Archive for the ‘business architecture management methodology’ Category

Reducing Federal Deficit and Debt Holistically, Without Ambiguity

Thursday, November 8th, 2012

Deficits occur when what you send out exceeds what you take in.  You can reduce a deficit by: 1. sending out less (i.e., reduce output); 2. taking in more (i.e. increase input); or 3. reducing the cost of operations (i.e., improve what, when and  how output is produced)

Some want to reduce output by stopping or reducing what the Federal Government pays out as goods, services, benefits, entitlements, etc. to the public.  Some want to increase input by raising revenues coming into the government through taxes, fees, etc.

The above decisions on what the Federal Government produces (case 1 above) and how it is funded (case 2 above) is based on values, feelings, and beliefs, and the resulting politics and policies of government to balance capitalism and the commons, and the support for  independence, dependence, and interdependence across the public.  Elections and the resultant politicians decide on cases 1 and 2.  This is too ambiguous for rapid and long term deficit reduction.

This leaves case 3, improve operations of all Federally funded activities producing anything for anyone.

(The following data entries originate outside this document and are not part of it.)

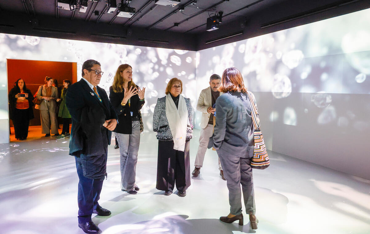 27 November 2025, Rome, Italy. FAO MuNE visit: Minister for Foreign Affairs of Colombia Rosa Yolanda Villavicencio Mapy (3rd from L) is briefed by Clara Velez, Chief Outreach and Promotions, FAO, as she visits the newly inaugurated Food and Agriculture Museum & Network (FAO MuNe). FAO Headquarters (MuNe).
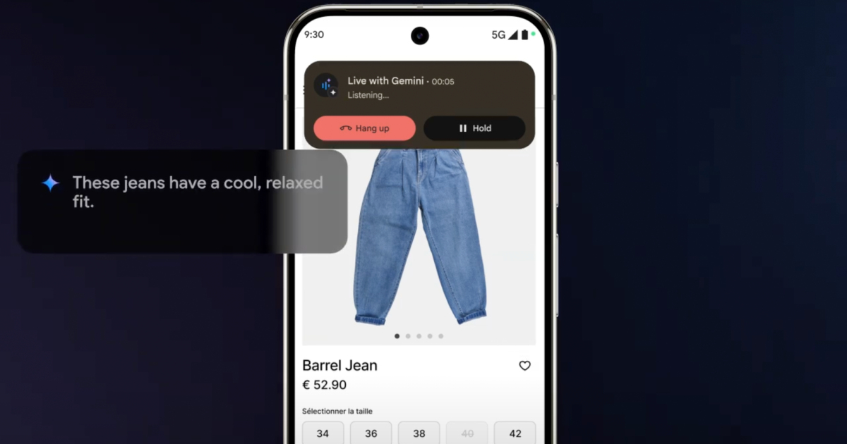 Например, в демонстрационном ролике от Google, пользователь просматривает страницу в онлайн-магазине и спрашивает у Gemini, какая одежда подойдёт к мешковатым джинсам.
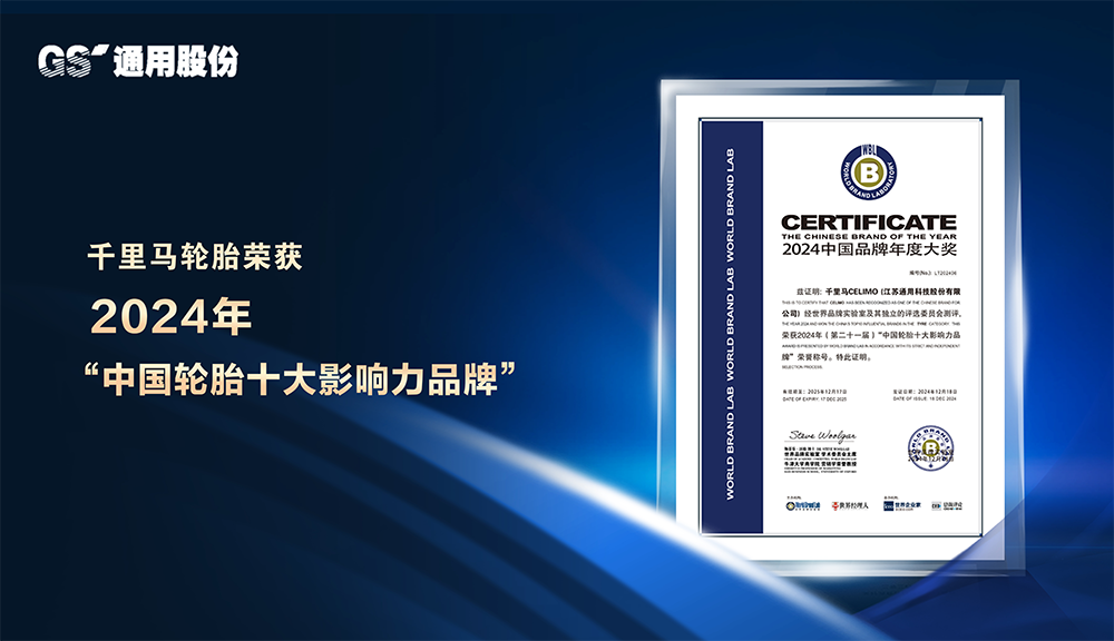 12月18日,通用股份旗下千里馬輪胎連續(xù)六年榮獲“中國輪胎十大影響力品牌”稱號。這項殊榮來自2024年第二十一屆“中國品牌年度大獎”評選,該獎項由世界品牌實驗室頒發(fā),旨在表彰在中國市場具有突出影響力的品牌。
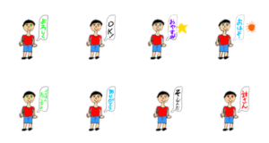 LINEスタンプメーカーでつくったスタンプです 。神太郎くんという名前をついているキャラクターです。お試し的なやつです。
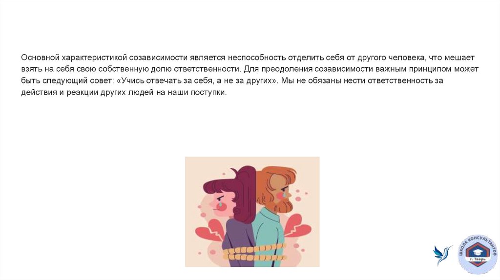 Основной характеристикой созависимости является неспособность отделить себя от другого человека, что мешаетвзять на себя свою собственную долю ответственности. Для преодоления созависимости важным принципом может
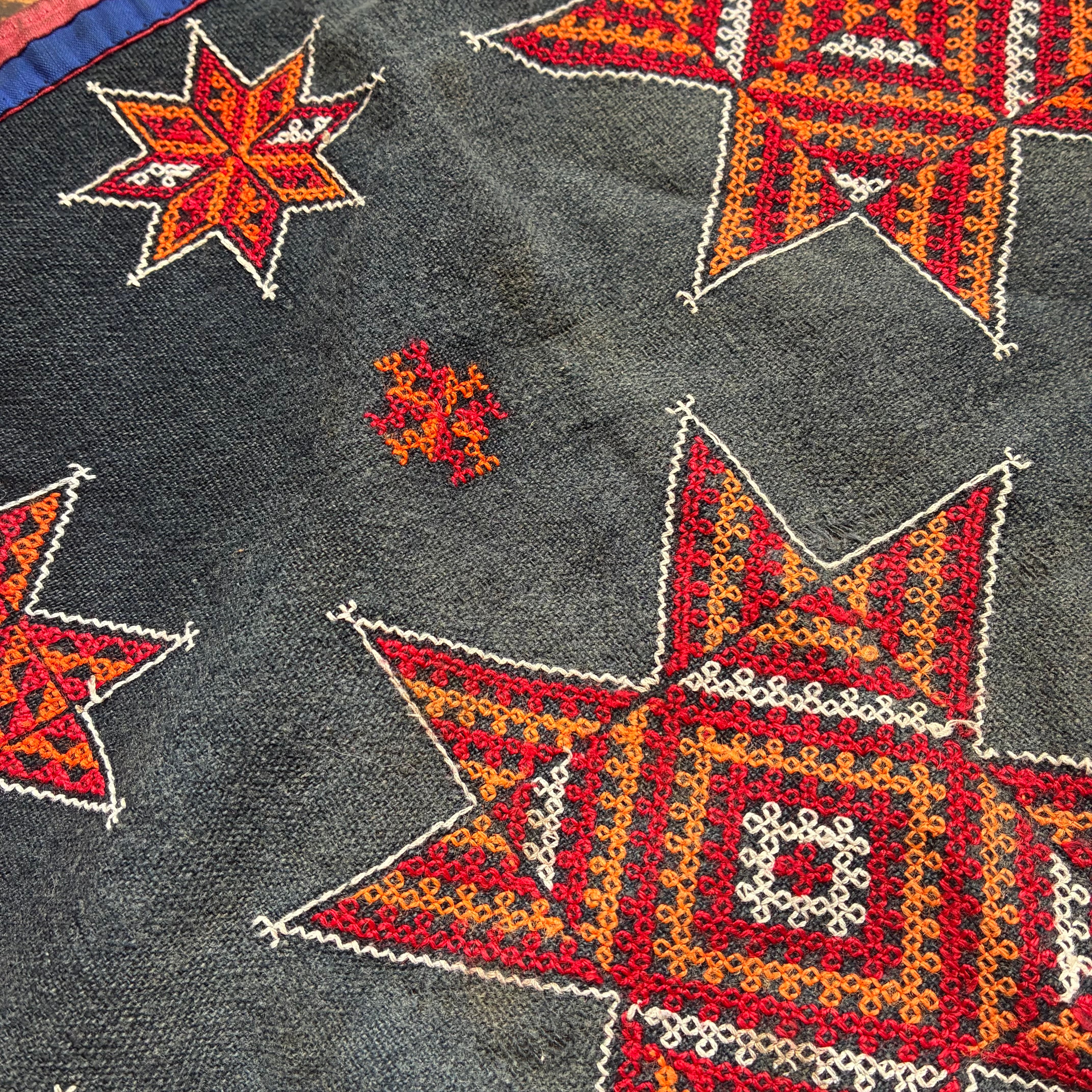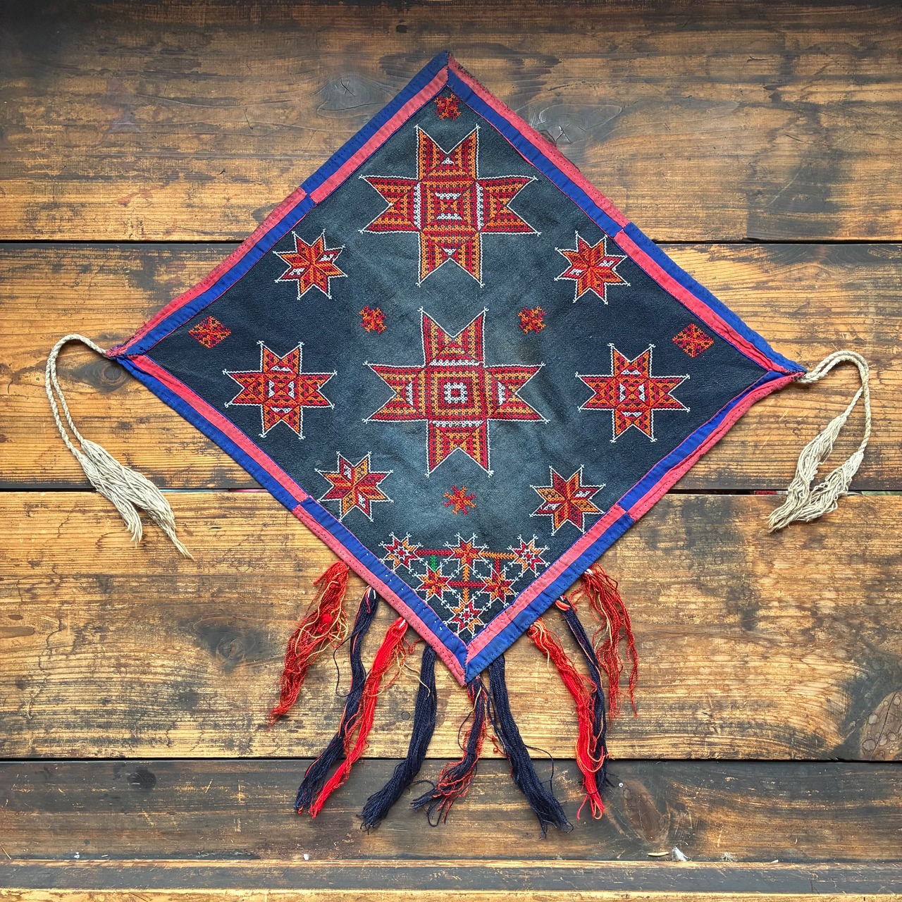 現地で普段使いとして使われていた布のため生地、刺繍の損傷、色あせなどがありますが、風合いの豊かな味のある布です。
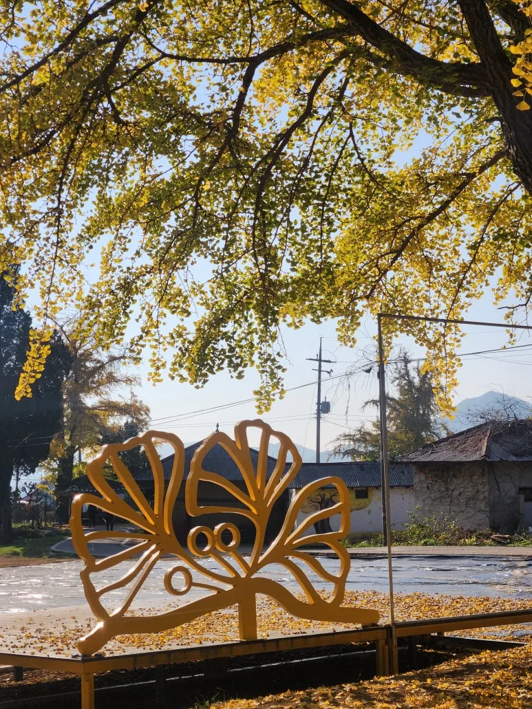 없었던 것은 마을 안에는 바닥이 노란 은행잎으로 가득한 모습이 장관이었기 때문입니다.

Laws are in place to enable and fund much of this Federal givernment improvement, with the responsibility for improving the operations of the Executive Branch assigned to the Management element of the Office of Management and Budget (OMB).  Not the Budget element, the Management element.  The Budget element of OMB is responsible for changing Executive Branch operations, structure, and resources to adjust to political decisions in cases 1 and 2.  The Management element of OMB is responsible for improving Executive Branch efficiency and effectiveness without regard to the politics of its inputs and outputs.

So, to reduce the Federal Deficit without regard to politics, improve the Management of the Executive Branch.

How to do this is my next topic.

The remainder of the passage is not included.